L'autre mode d'acquisition suit des chemins plus détournés et procède par l'intermédiaire du crédit. 

Selon les mots de J. Jacquart, "la dette rurale est la plaie traditionnelle du monde paysan. (…) Elle atteint à l'époque moderne des proportions extrêmes et (…) entraîne un ample mouvement d'expropriation qui modifie profondément les équilibres" [21]

Le Sauternais n'est pas épargné et dans les registres de notaire de Preignac, les obligations ou reconnaissances de dette représentent l'acte le plus courant.

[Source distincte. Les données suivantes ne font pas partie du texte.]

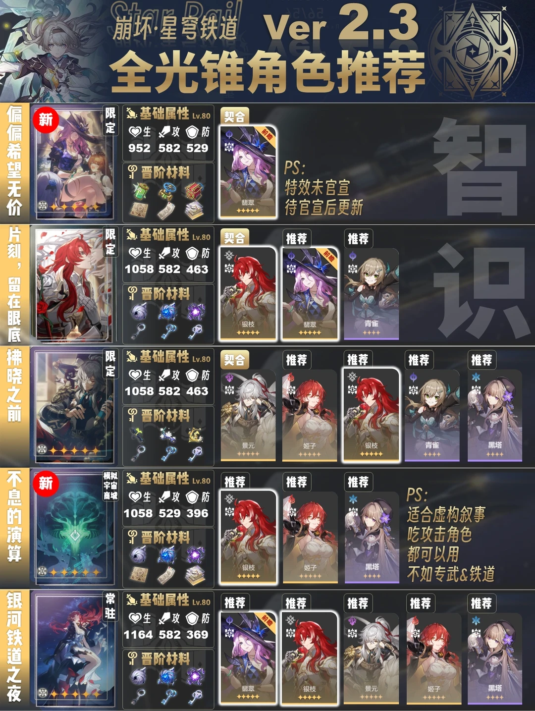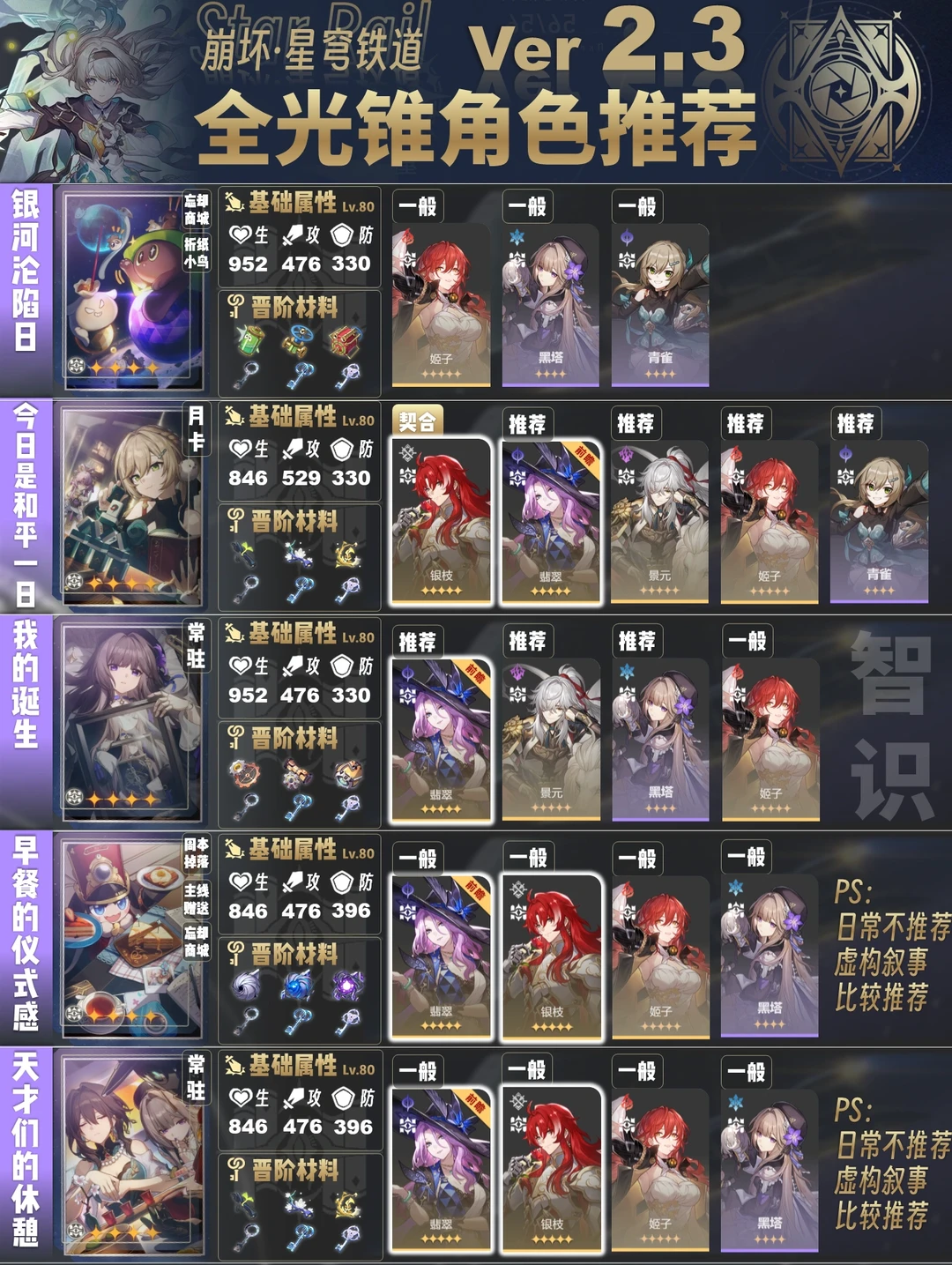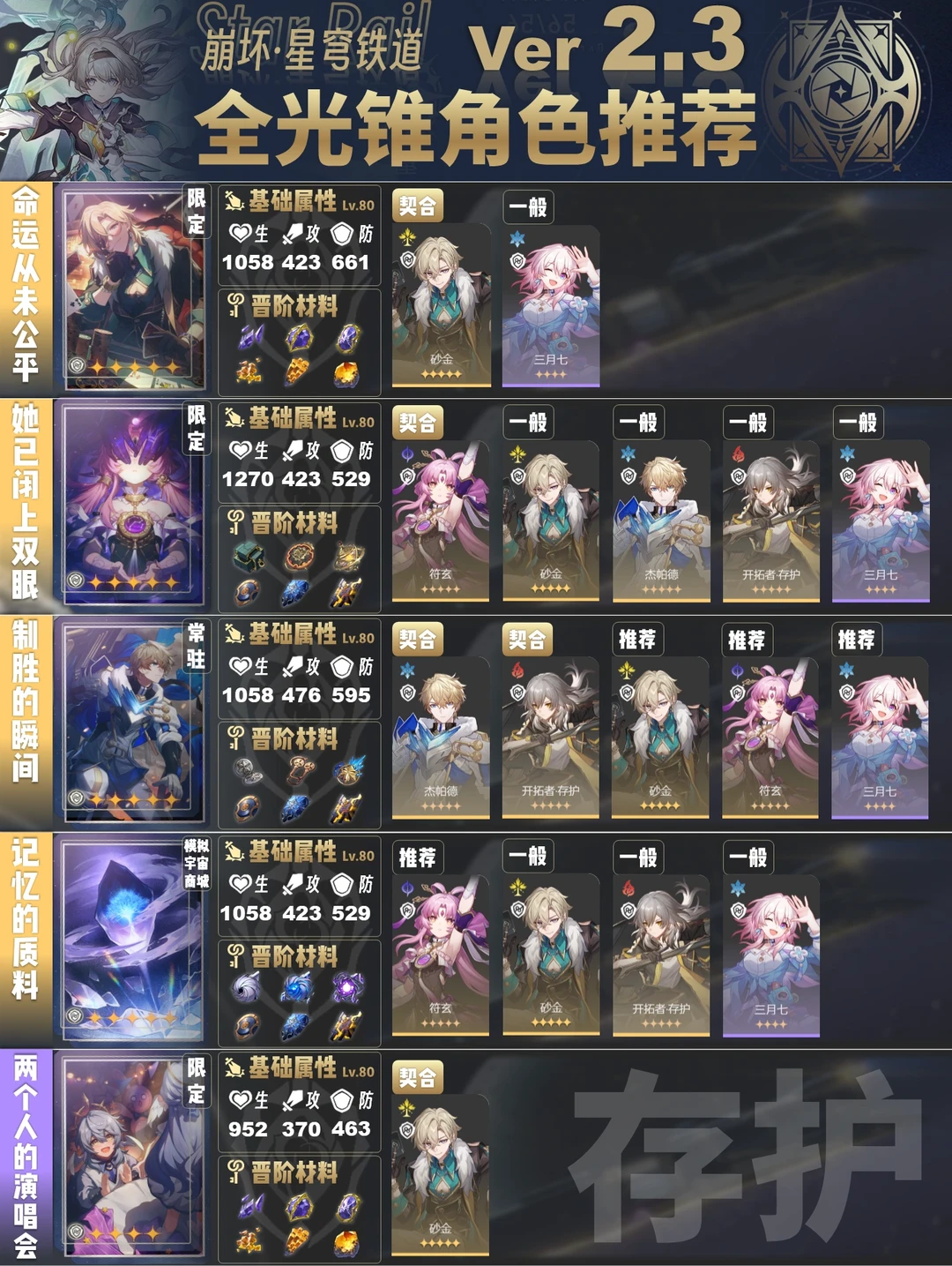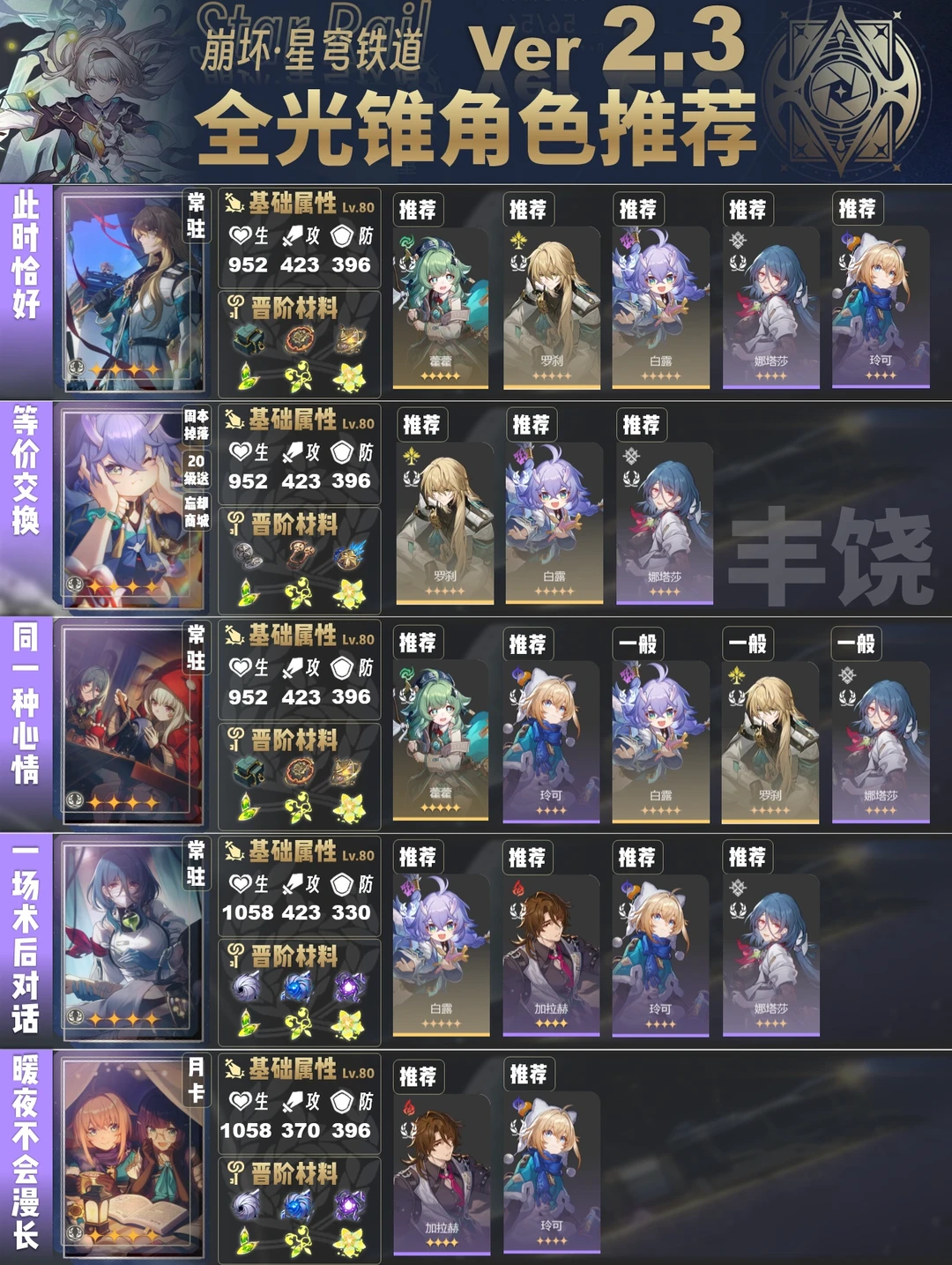 适合虚构叙事,大部分攻击、增伤、双暴光锥都可用

Cette pratique très répandue touche toutes les catégories de personnes, les marchands entre eux comme les paysans. Cependant, la majorité des créanciers sont généralement des notables et celle des endettés des gens de condition modeste. 

Ainsi, Pierre Sauvage a prêté de l'argent à plusieurs habitants de Preignac tant pour l'achat de parcelles que pour celui de semences, de bétail… Il en est de même de Arnaud Dabadie, marchand à Preignac, ou du meunier du moulin de la Motte, Jehan Gorsin. 

L'accumulation des dettes peut entraîner la saisie des biens du débiteur. Ainsi, en 1614, Arnaud de Malle, marchand et bourgeois de Bordeaux, fait la saisie des biens de Bernard de Minvielle, un jeune habitant de Preignac qui ne peut s'acquitter de ses dettes (141 livres 9 sous) et de celles que sa mère lui a laissées en mourant (529 livres 7 sous). 

Le système implacable du crédit, bien connu des historiens, conduit donc, trop souvent pour l'emprunteur, à l'aliénation, alors qu'à l'autre extrémité, les prêteurs sont généralement gagnants, en terme de capitalisation, de conquêtes foncières et de promotion sociale. Il conforte le mécanisme de transfert des biens de la paysannerie aux nantis.

Outre les obligations, on rencontre à Preignac un autre instrument de crédit : celui de la rente volante. Ce système est une variante des nombreuses rentes constituées en usage à l'époque. Il  permet d'assigner, pour un temps court, une rente perçue en nature. 

En Sauternais nous n'avons rencontré ce type d'actes que pour le vin mais il existe sous des formes similaires en Bordelais et dans d'autres régions pour des productions comme les céréales. 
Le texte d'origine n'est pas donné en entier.